Not "verify then trust." Not "trust but monitor." Just - don't trust them. Assume every user is compromised, negligent, or adversarial. Build your systems accordingly. This principle gave us least privilege, network segmentation, rate limiting, audit logs, DLP. It works.
So why are we treating AI agents like trusted colleagues?
The current alignment discourse assumes we need to make agents want to behave. Instill values. Train away deception. This is the equivalent of solving security by making users trustworthy. We tried that. It doesn't work. You can't patch human nature, and you can't RLHF your way to guaranteed safety.
Here's the thing: every principle from zero-trust security maps directly to agent orchestration.
Least privilege. An agent that writes unit tests doesn't need prod database access. Scope its capabilities via RBAC - same as you'd scope a service account.
Isolation. Each agent runs in its own pod. It can't read another agent's memory, touch its files, or escalate sideways. Same reason you don't run microservices as root in a shared namespace.
Budget enforcement. Token caps and cost limits per agent, per task. An agent that tries to burn $10k on a $5 task gets killed. Like API rate limits, but for cognition.
Audit trails. Full OpenTelemetry tracing on every action, every delegation, every result. You don't need to trust an agent if you can observe everything it does.
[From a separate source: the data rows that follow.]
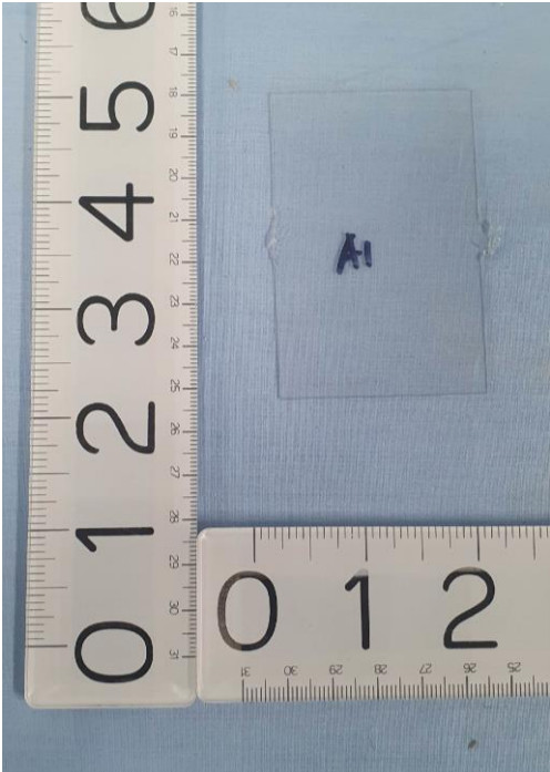
Cavity switch thermoplastic sample 1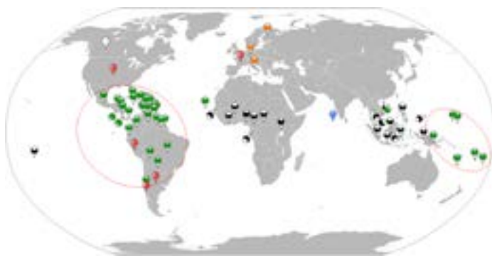
Figure 2. Geographical global vision of countries involved in ZIKV active transmission (by vector or by sexual route) or imported cases. Period 2014 - 1st May 2016. Green map pins indicate the human cases in the period 2014- 1st May 2016. The orange map pins indicate the imported cases in Italy, Germany and Finland. The black and white map pins indicate the human cases in the period 1954-2014. The red map pins indicate the sexual transmitted cases. The blue map pin indicates the only local exported case in Maldives. Red circles virtually collect the human cases in South American and Pacific Islands zones.

*LAC: local acquired cases, **IC: imported cases, †LEC: local exported case, ‡LST: local sexual transmission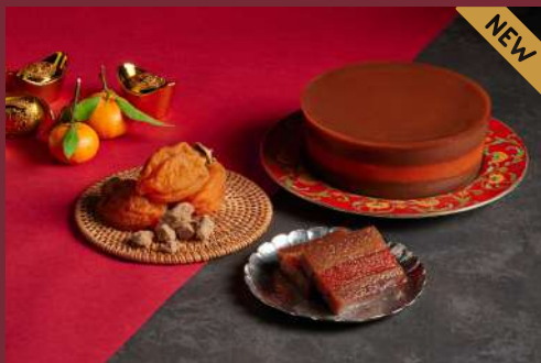
Japanese Brown Sugar Pudding with Dried Persimmon 日本黑糖柿乾年糕

Original Price HKD388 / Discount Price HKD291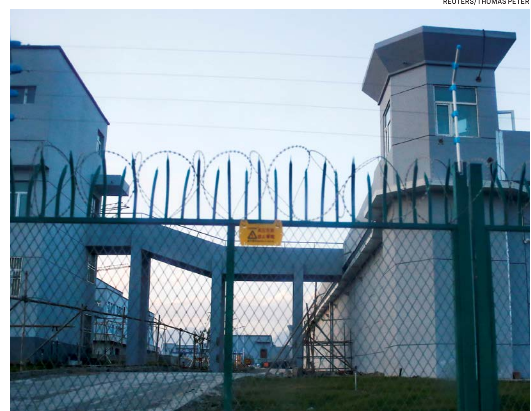
A perimeter fence is constructed around what is officially known as a vocational skills education center in Dabancheng in Xinjiang Uyghur region, China, on Sept. 4, 2018.

The loans are then used to pay Chinese companies to build infrastructure, including the development of roads, ports,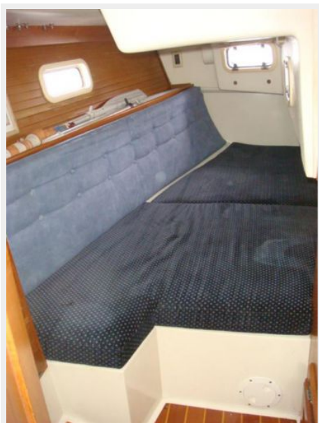
36' Catalina Master Stateroom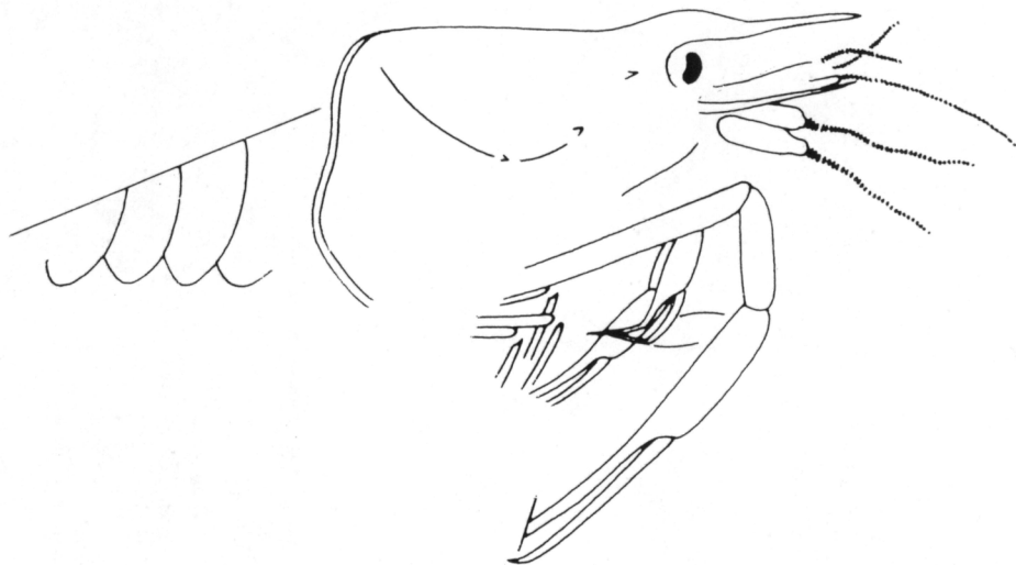
Fig. 13 — Ifasya straeleni n.sp., n.cat. MSNM i11141a, photo and reconstruction ( \times 3 ).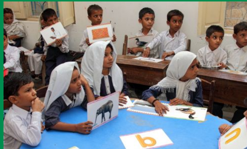
Data and Research in Education (DARE) programme in Pakistan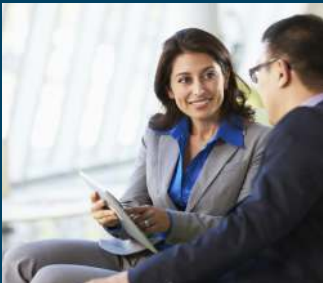
Business centre & lounge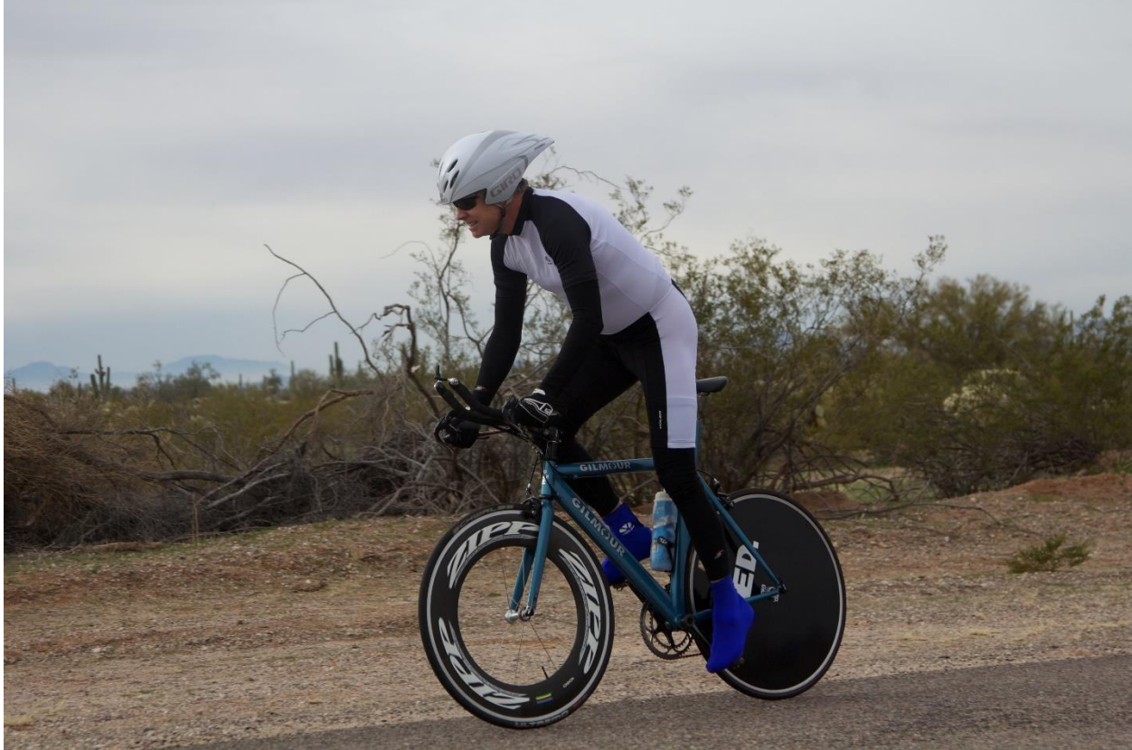
Me beginning a 12 mile time trial in 2013.

I lost a field sprint to the nice young man who had topped the climb in second place. Later I learned the race length had been reduced from 33 to 29 miles and I had covered 31.2 miles with my effort. My average speed was 21.7 MPH. I was declared the winner because I reached the top of the climb first and I was given the wrong information by the race official. Oh well!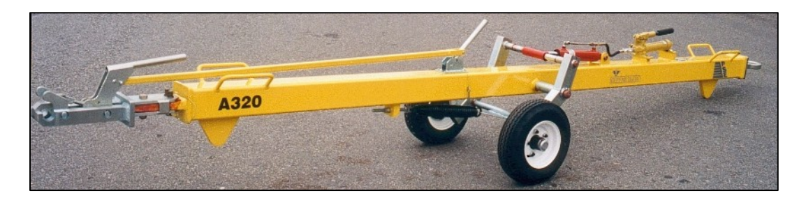
PSE 194 B757 Towhead Assembly

PSE 193 A320 Towhead Assembly (A318 / A319 / A320 / A321)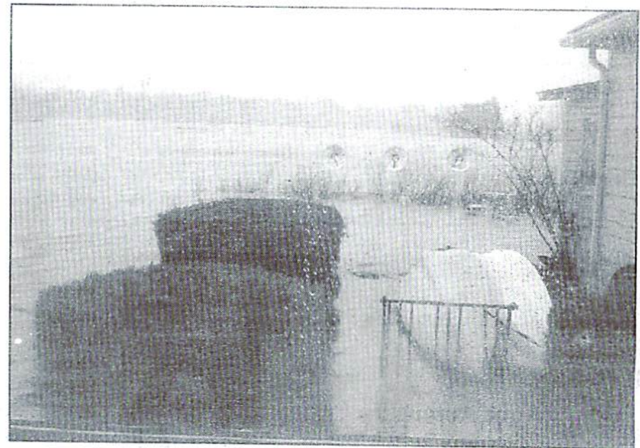
At noontime Saturday, high tides combined with stormy weather to cause flooding in several South Shore towns, including Duxbury. Water came over the town pier, and breached the Blue Fish River Bridge, but receded without causing any major damage. The extended forecast continues to call for more rain and snow.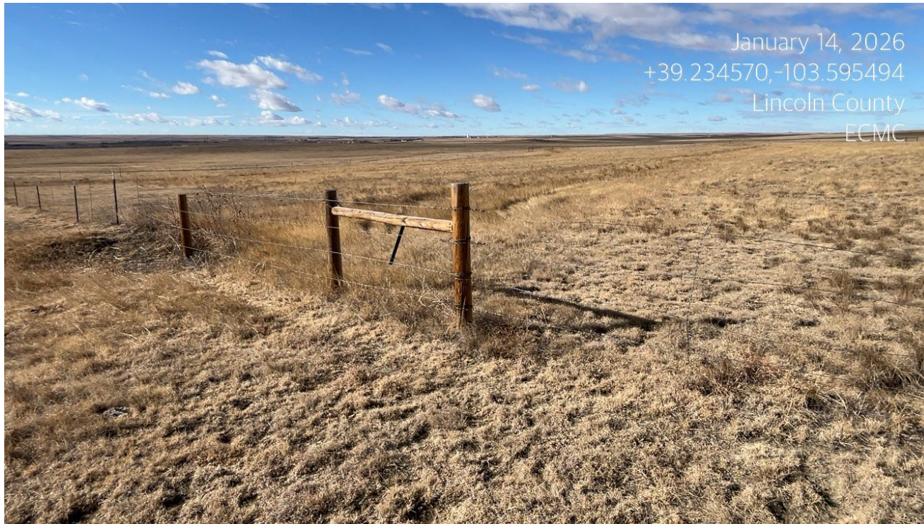
Photo 3. Facing northwest along the access road. The fence remains around the location.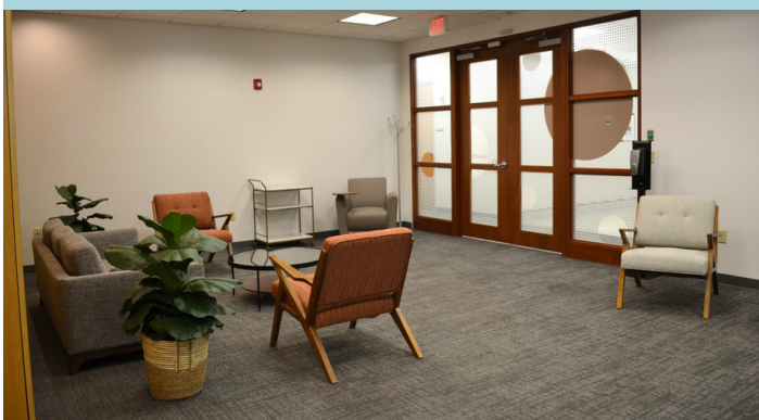
Welcoming reception area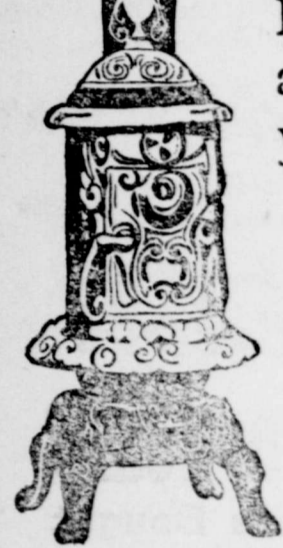
OLD STYLE STOVE

We are going to close up shop when the time comes that we cannot look you in the face and say, "There's Honest Values and Honest Prices." Our large line of Cole's Heating Stoves is not only attractive but will save you one-third your fuel bill.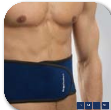
S M L XL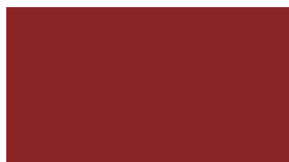
Brown red RAL 3011 NCS S 3560-Y90R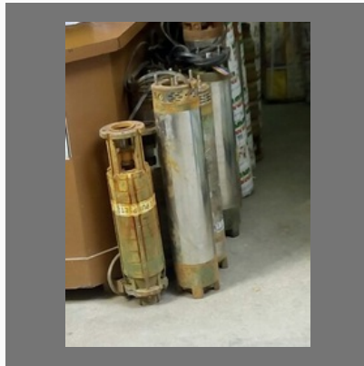
Centrifugal Pumps Parts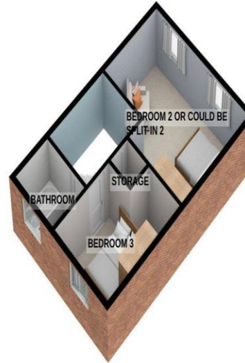
1ST FLOOR 402 sq.ft. (37.4 sq.m.) approx.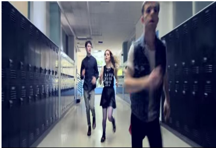
Camera: Dolly back, band always in centre of frame Action: Band runs down the corridor. The same shot is then repeated with the teacher walking down the corridor

PII redaction. Presidio scans agent output before it leaves the pod. Same principle as DLP in enterprise - don't let sensitive data leak, regardless of intent.
Policy enforcement. Declarative policies (CRDs) constrain what agents can and can't do. Like network policies, but for agent behavior.
We built this. It's called Hortator - a Kubernetes operator for orchestrating autonomous AI agent hierarchies. Agents (tribune → centurion → legionary) run in isolated pods with RBAC, budget caps, PII redaction, and full OTel tracing. Everything is a CRD: AgentTask, AgentRole, AgentPolicy. Written in Go, MIT licensed.
We didn't solve alignment. We made it irrelevant by treating agents as untrusted workloads - exactly how we've treated every other piece of software for the last 20 years.
GitHub: https://github.com/hortator-ai/Hortator/
Genuinely curious what this community thinks. Are we wrong to frame alignment as an infrastructure problem? What's the zero-trust model missing when applied to agents? Poke holes - that's what we need.